• Material for the task:
'''
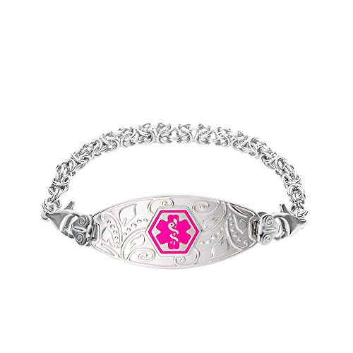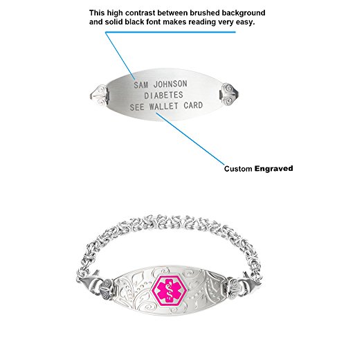 -. Binding : Jewelry -. Brand : Divoti -. Department : womens -. Feature : Easily provide your custom engraved content by selecting the CUSTOMIZE NOW button to the right. / Custom engraved in high contrast black laser engraving to personalize your medical message (on back : 4 lines of 18 characters, spaces included) / Hypoallergenic 316L medical alert bracelet and comes with size options 6.0-8.5 inches. / Deep embossed caduceus symbol with hard enamel filled on the front of medical alert bracelet. Excellent wear resistance. / Includes free customizable medical alert wallet card, medical alert smartphone apps and Velvet gift bag. -. Label : Divoti Inc. -. Manufacturer : Divoti Inc. -. Model : 5111VI -. MPN : 5111VI -. PartNumber : 5111VI -. ProductGroup : Jewelry -. ProductTypeName : FASHIONNECKLACEBRACELETANKLET -. Publisher : Divoti Inc. -. Studio : Divoti Inc. -. Title : Divoti Custom Engraved Lovely Filigree Medical Alert Bracelet -Handmade Byzantine-Violet
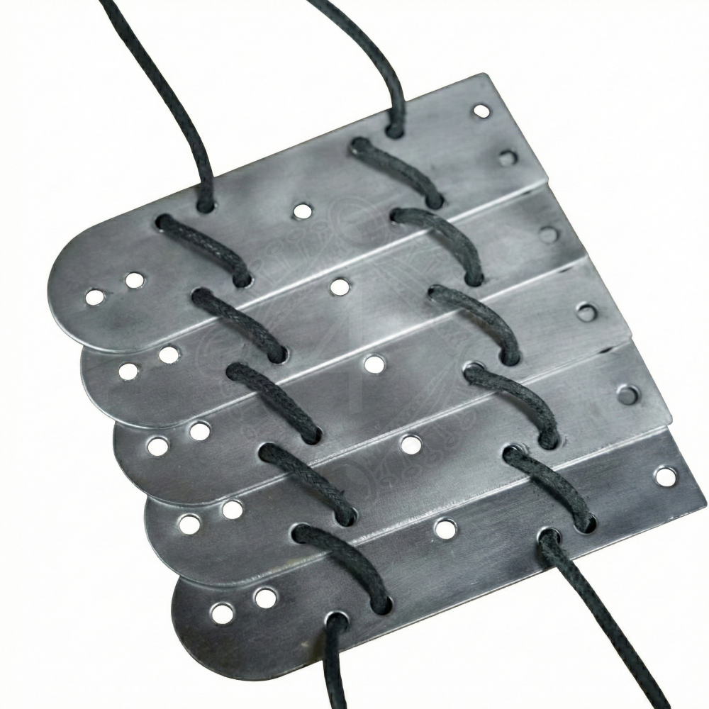 Die Lamellen sind mit Löchern von ca. 4 mm Durchmesser versehen. Diese dienen zum Durchfädeln von Lederriemen oder starken Schnüren, mit denen die Plättchen aneinandergebunden werden. Das Bindesystem ist variabel, aber wir empfehlen, die historischen Bindemuster aus Birka zu studieren, damit die Rüstung funktional und stabil wird. Bitte beachte, dass das Bindematerial (Leder, Schnüre) nicht im Lieferumfang enthalten ist.
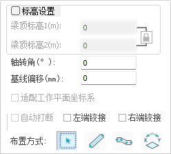 【标高设置】:不勾选时【梁顶标高1】和【梁顶标高2】置灰不可输入,此时可通过捕捉水平辅助线进行梁布置;勾选后可通过输入两端的梁顶标高绝对标高值(单位为m)进行梁的布置。
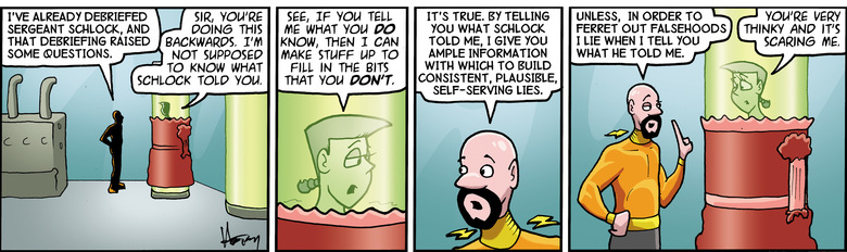 KEVYN: It's true. By telling you what Schlock told me, I give you ample information with which to build consistent, plausible, self-serving lies.
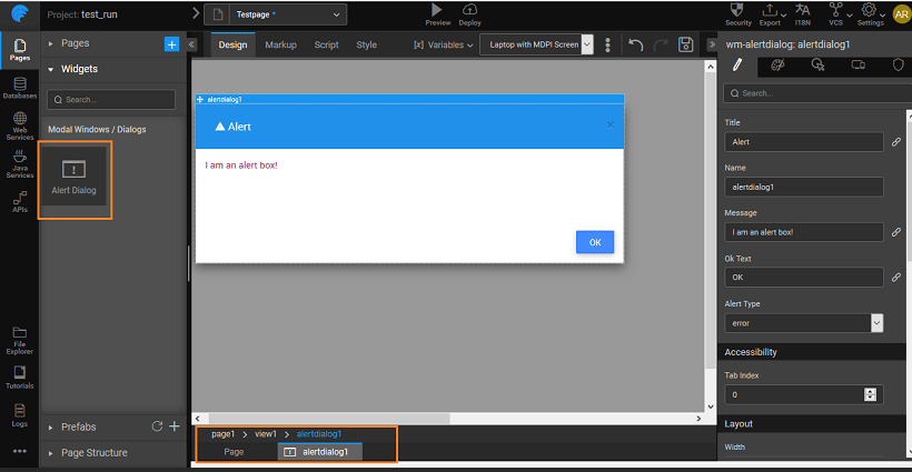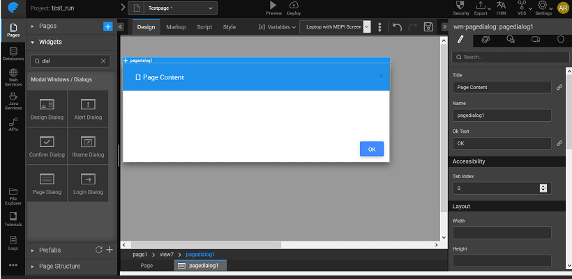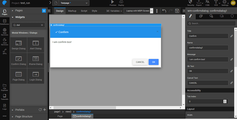 Dragging and dropping a dialog creates a view containing the dialog. The view can be selected from the Page Structure or from the tabs given at the bottom. The display of the dialog box at runtime is usually associated with the onClick event of a Button widget. You can also trigger the dialog by calling methods from JavaScript.
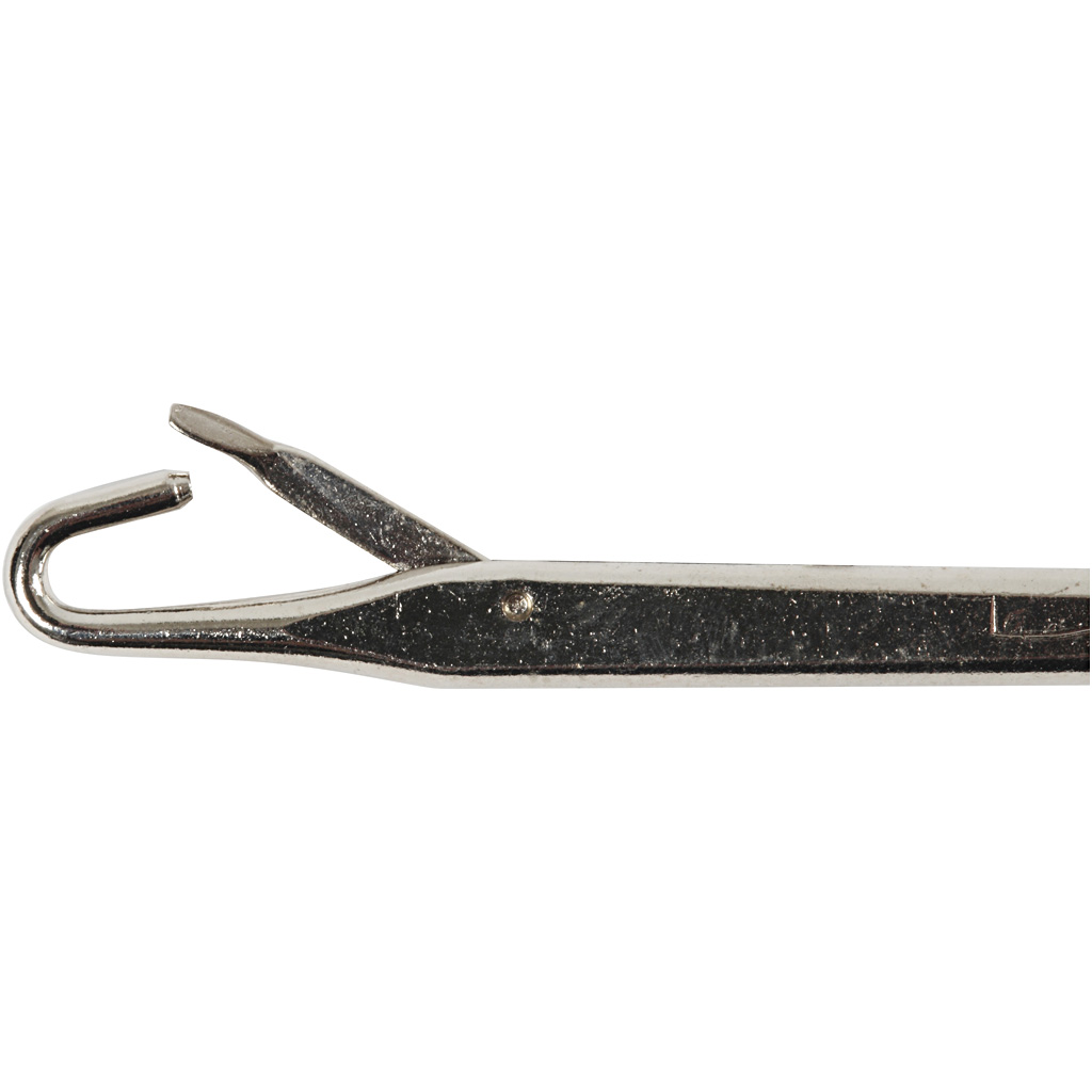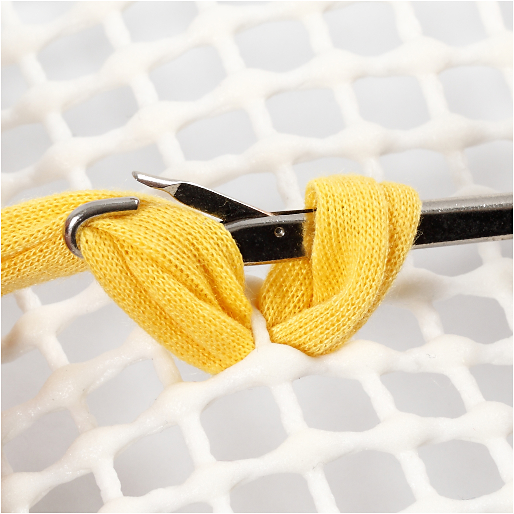 Latch needle made of spray-coated metal with rubber-coated handle in an ergonomic design Used for the manufacture of rya carpets (woven fabric with loops of yarn cut and forming long pile). Used for the production of rye (long-haired carpet). Cut pie. Latch Hook with Handle, L: 15,5 cm, 1 pc
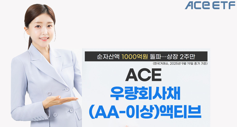 한국투자신탁운용은 ACE 우량회사채(AA-이상)액티브 상장지수펀드(ETF) 순자산액이 1000억원을 돌파했다고 22일 밝혔다.한국거래소에 따르면 19일 기준 ACE 우량회사채(AA-이상)액티브 ETF의 순자산액은 1051억원으로 집계됐다. 상장한 이후 약 2주 만에 순자산액이 2배 증가했다. ETF 상장 당시 신탁원본액은 500억원이다.ACE 우량회사채(AA-이상)액티브 ETF는 신용등급 AA- 이상의 회사채와 중단기 기타금융채 등에 투자하는 상품이다. 비교지수는 KIS자산평가가 산출·발표하는 'KIS 1~3년 우량크레딧(AA-이상) 총수익지수'이다. 해당 지수는 ▲발행잔액 500억원 이상 ▲신용등급 AA- 이상 ▲잔존만기 1년 초과 3년 이하의 여전채 및 회사채 종목으로 구성됐다.자금 유입은 검증된 운용 이력(트랙 레코드) 덕분으로 풀이된다. ACE 우량회사채(AA-이상)액티브 ETF는 국내채권형 펀드(ETF 제외) 가운데 가장 규모가 큰 '한국투자크레딧포커스ESG 펀드' 운용팀이 운용을 맡고 있다.박빛나라 FI운용2부장과 홍다정 책임이 속한 FI운용2부는 약 21조원의 국내채권형 펀드 및 일임 자금을 운용 중이다. 운용설정액 기준으로 4조원이 넘는 한국투자크레딧포커스ESG 펀드도 운용하고 있다.안정성을 높인 것 또한 투자 매력으로 작용하고 있다. 한국투자크레딧포커스ESG 펀드가 신용등급 A- 이상인 회사채 등을 편입하는 것과 달리 ACE 우량회사채(AA-이상)액티브 ETF는 AA- 등급 이상 종목만 편입한다.국채보다 높은 금리를 받는 동시에 금리 하락기에 채권 가격 상승에 따른 자본 차익을 추구하는 투자자에게 적합한 상품이다. NICE신용평가에 따르면 지난 1998년 이후 현재까지 신용등급 AA등급 이상 채권이 기록한 평균 누적 부도율은 0.00%이다.해당 ETF의 운용역인 홍다정 책임은 "국내 상장된 채권형 ETF 대부분은 초단기물이나 초장기물 투자 중심"이며 "중단기 구간 우량 회사채에 투자하는 ACE 우량회사채(AA-이상)액티브 ETF가 상장하며 투자자 선택지 확대에 도움이 된 것 같다"고 말했다.이어 "안정적인 이자수익과 자본차익을 추구하는 상품 특성상 퇴직연금 등에서 활용도도 높다"고 설명했다.
'''
• Task item:
Starting with the first line of the data above, write out each line exactly up to and including the line that holds "KEVYN: It's true.". Pictures stay out.

• Output of the exercise:
 -. Binding : Jewelry -. Brand : Divoti -. Department : womens -. Feature : Easily provide your custom engraved content by selecting the CUSTOMIZE NOW button to the right. / Custom engraved in high contrast black laser engraving to personalize your medical message (on back : 4 lines of 18 characters, spaces included) / Hypoallergenic 316L medical alert bracelet and comes with size options 6.0-8.5 inches. / Deep embossed caduceus symbol with hard enamel filled on the front of medical alert bracelet. Excellent wear resistance. / Includes free customizable medical alert wallet card, medical alert smartphone apps and Velvet gift bag. -. Label : Divoti Inc. -. Manufacturer : Divoti Inc. -. Model : 5111VI -. MPN : 5111VI -. PartNumber : 5111VI -. ProductGroup : Jewelry -. ProductTypeName : FASHIONNECKLACEBRACELETANKLET -. Publisher : Divoti Inc. -. Studio : Divoti Inc. -. Title : Divoti Custom Engraved Lovely Filigree Medical Alert Bracelet -Handmade Byzantine-Violet
 Die Lamellen sind mit Löchern von ca. 4 mm Durchmesser versehen. Diese dienen zum Durchfädeln von Lederriemen oder starken Schnüren, mit denen die Plättchen aneinandergebunden werden. Das Bindesystem ist variabel, aber wir empfehlen, die historischen Bindemuster aus Birka zu studieren, damit die Rüstung funktional und stabil wird. Bitte beachte, dass das Bindematerial (Leder, Schnüre) nicht im Lieferumfang enthalten ist.
 【标高设置】:不勾选时【梁顶标高1】和【梁顶标高2】置灰不可输入,此时可通过捕捉水平辅助线进行梁布置;勾选后可通过输入两端的梁顶标高绝对标高值(单位为m)进行梁的布置。
 KEVYN: It's true. By telling you what Schlock told me, I give you ample information with which to build consistent, plausible, self-serving lies.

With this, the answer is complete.